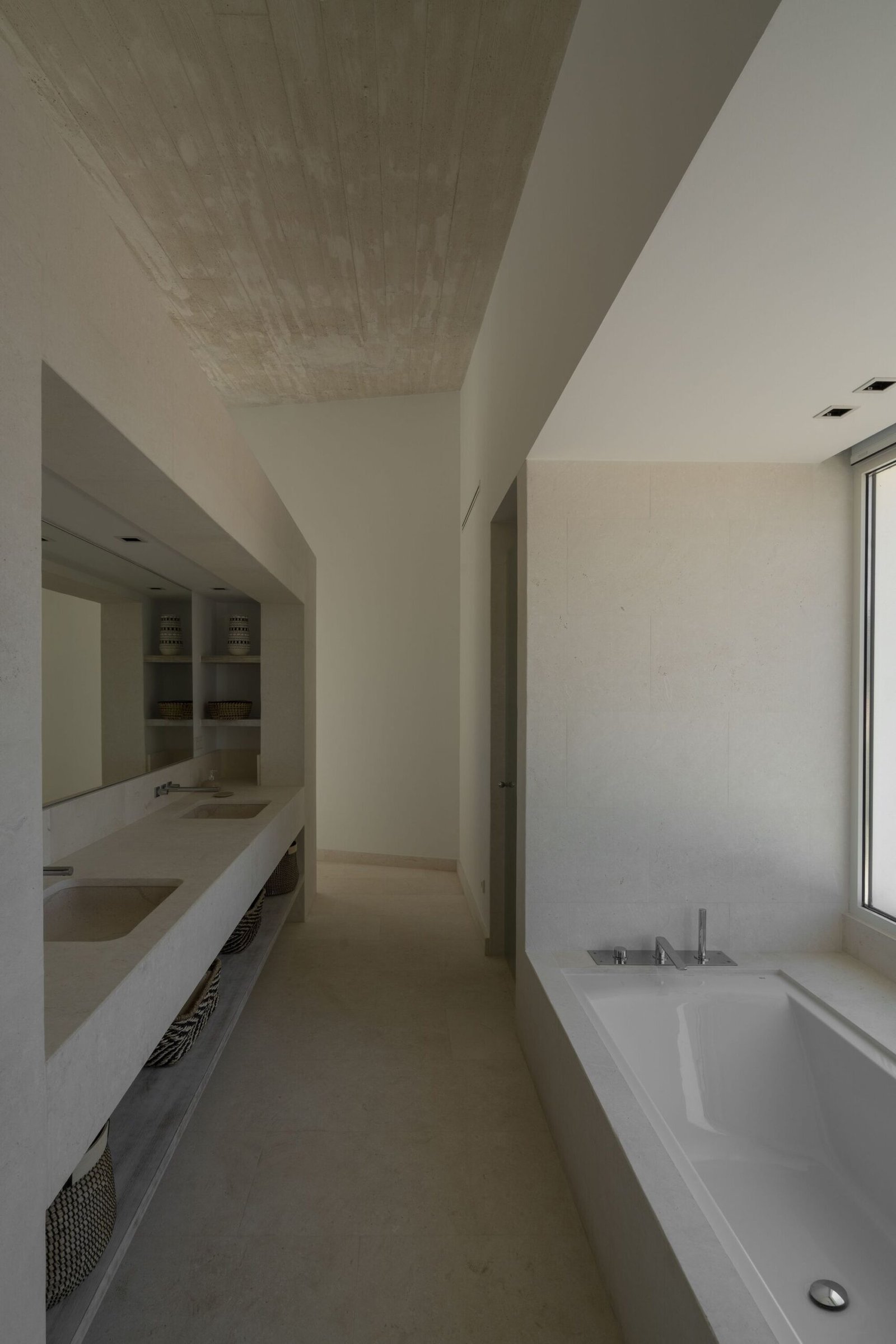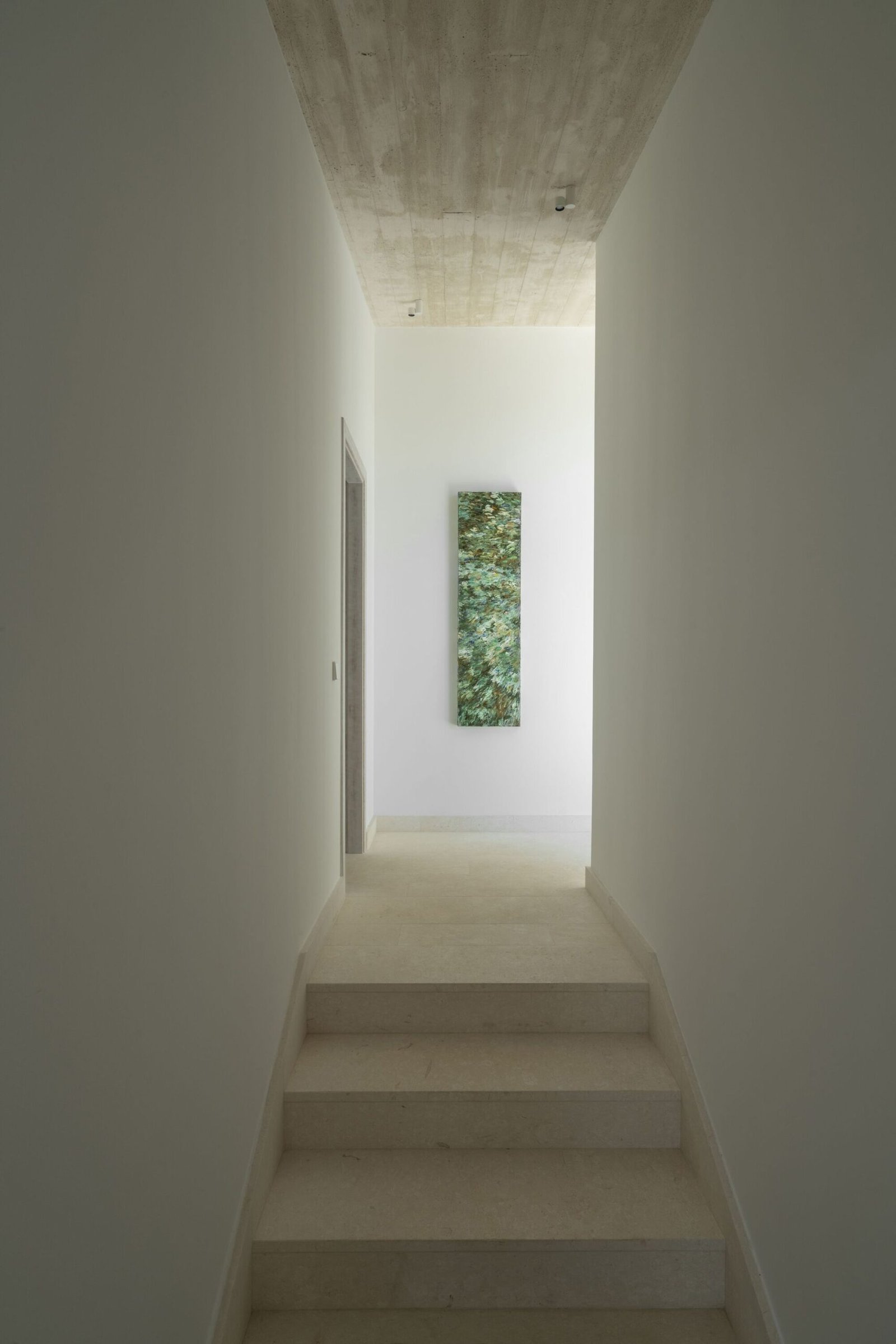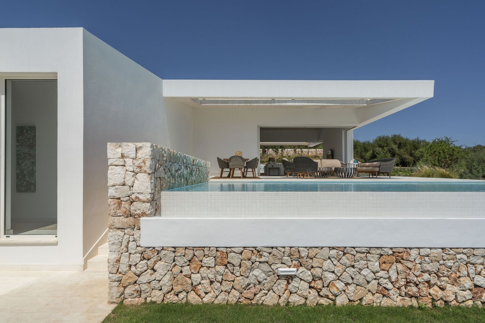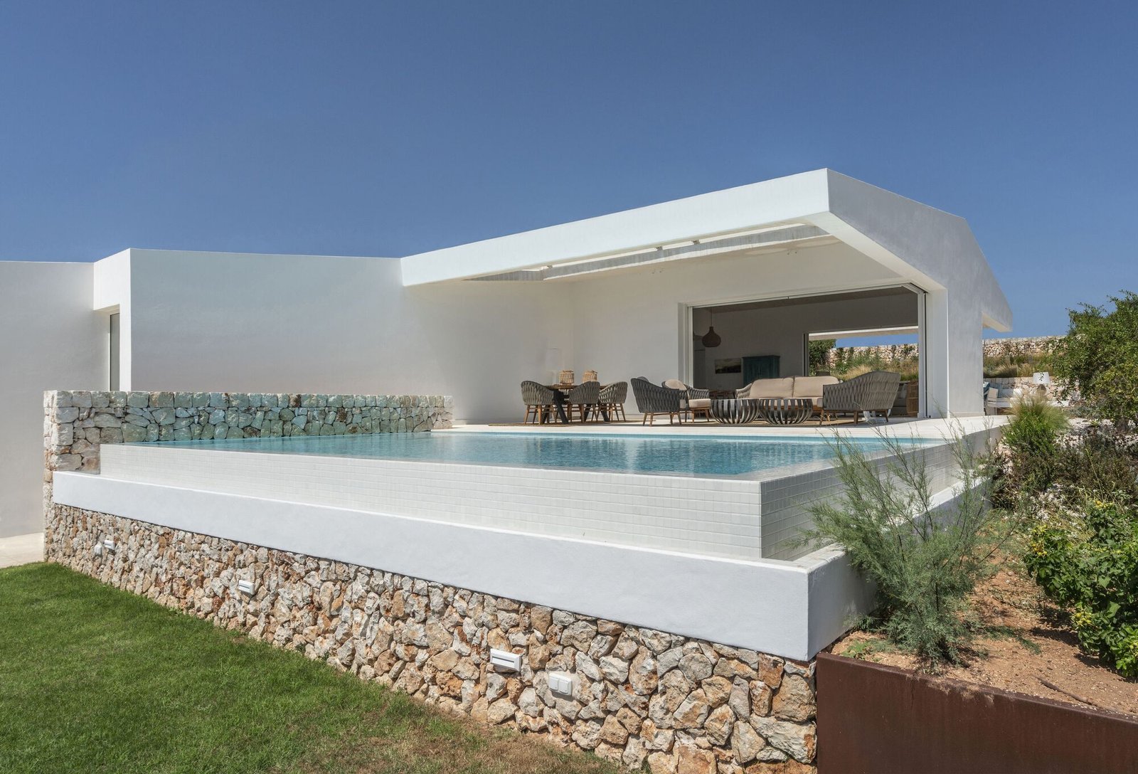 En cuanto a su materialidad, el proyecto alterna dos materiales muy característicos de la isla como son el mortero blanco y los muros de piedra seca, que junto con la cubierta de hormigón blanco visto y el suelo de piedra caliza tienen una clara vocación integradora con el entorno y la historia del lugar.
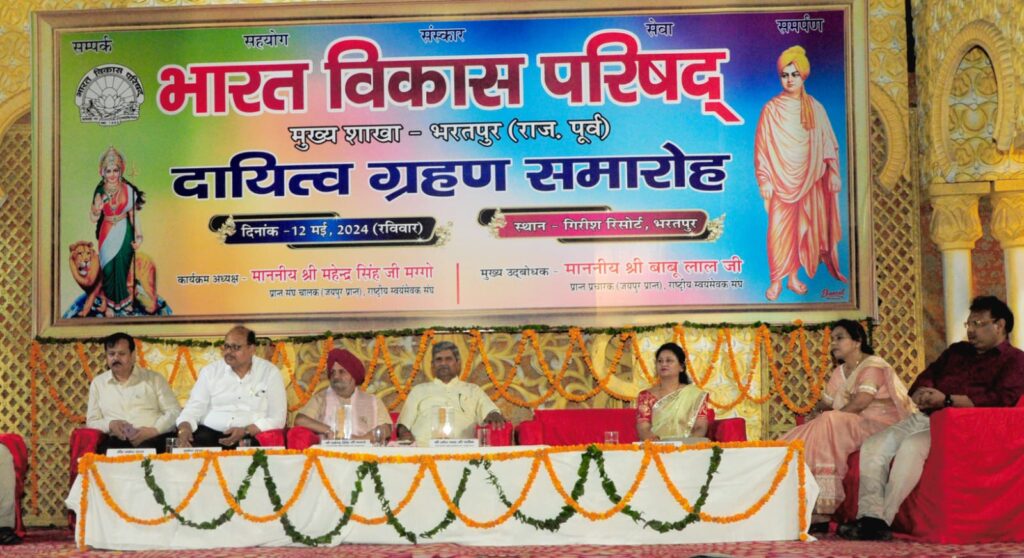 भारत विकास परिषद भरतपुर मुख्य शाखा की सत्र 2024-25 की नवीन कार्यकारिणी का दायित्व ग्रहण समारोह स्थानीय गिरीश रिसोर्ट काली की बगीची पर राष्ट्रीय स्वयंसेवक संघ के जयपुर प्रांत संघचालक महेंद्र सिंह मग्गो की अध्यक्षता में आयोजित हुआ।
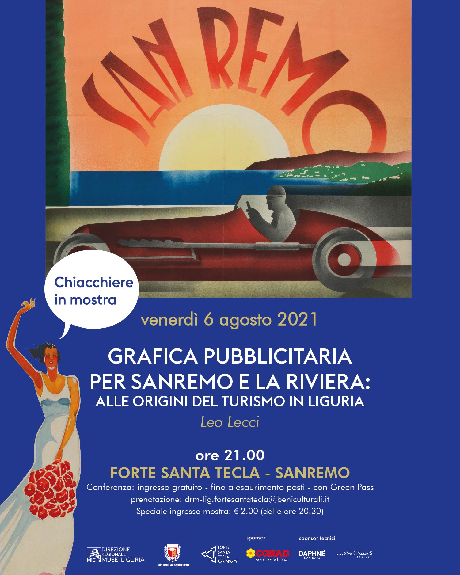 Dal 16 luglio al 27 agosto sei serate di incontri al Forte Santa Tecla in occasione della mostra #turismoasanremo. Il 6 agosto la serata sarà dedicata alla Grafica pubblicitaria per Sanremo e la Riviera: alle origini del turismo in Liguria con Leo Lecci, docente di Storia dell’arte contemporanea all’Università di Genova. Un viaggio alla scoperta dei manifesti in mostra e dei loro illustratori, attraverso le straordinarie immagini create per la promozione della città.

* * *

Could you restate the material word for word, omitting the pictures?

◆ **Final answer**
 En cuanto a su materialidad, el proyecto alterna dos materiales muy característicos de la isla como son el mortero blanco y los muros de piedra seca, que junto con la cubierta de hormigón blanco visto y el suelo de piedra caliza tienen una clara vocación integradora con el entorno y la historia del lugar.
 भारत विकास परिषद भरतपुर मुख्य शाखा की सत्र 2024-25 की नवीन कार्यकारिणी का दायित्व ग्रहण समारोह स्थानीय गिरीश रिसोर्ट काली की बगीची पर राष्ट्रीय स्वयंसेवक संघ के जयपुर प्रांत संघचालक महेंद्र सिंह मग्गो की अध्यक्षता में आयोजित हुआ।
 Dal 16 luglio al 27 agosto sei serate di incontri al Forte Santa Tecla in occasione della mostra #turismoasanremo. Il 6 agosto la serata sarà dedicata alla Grafica pubblicitaria per Sanremo e la Riviera: alle origini del turismo in Liguria con Leo Lecci, docente di Storia dell’arte contemporanea all’Università di Genova. Un viaggio alla scoperta dei manifesti in mostra e dei loro illustratori, attraverso le straordinarie immagini create per la promozione della città.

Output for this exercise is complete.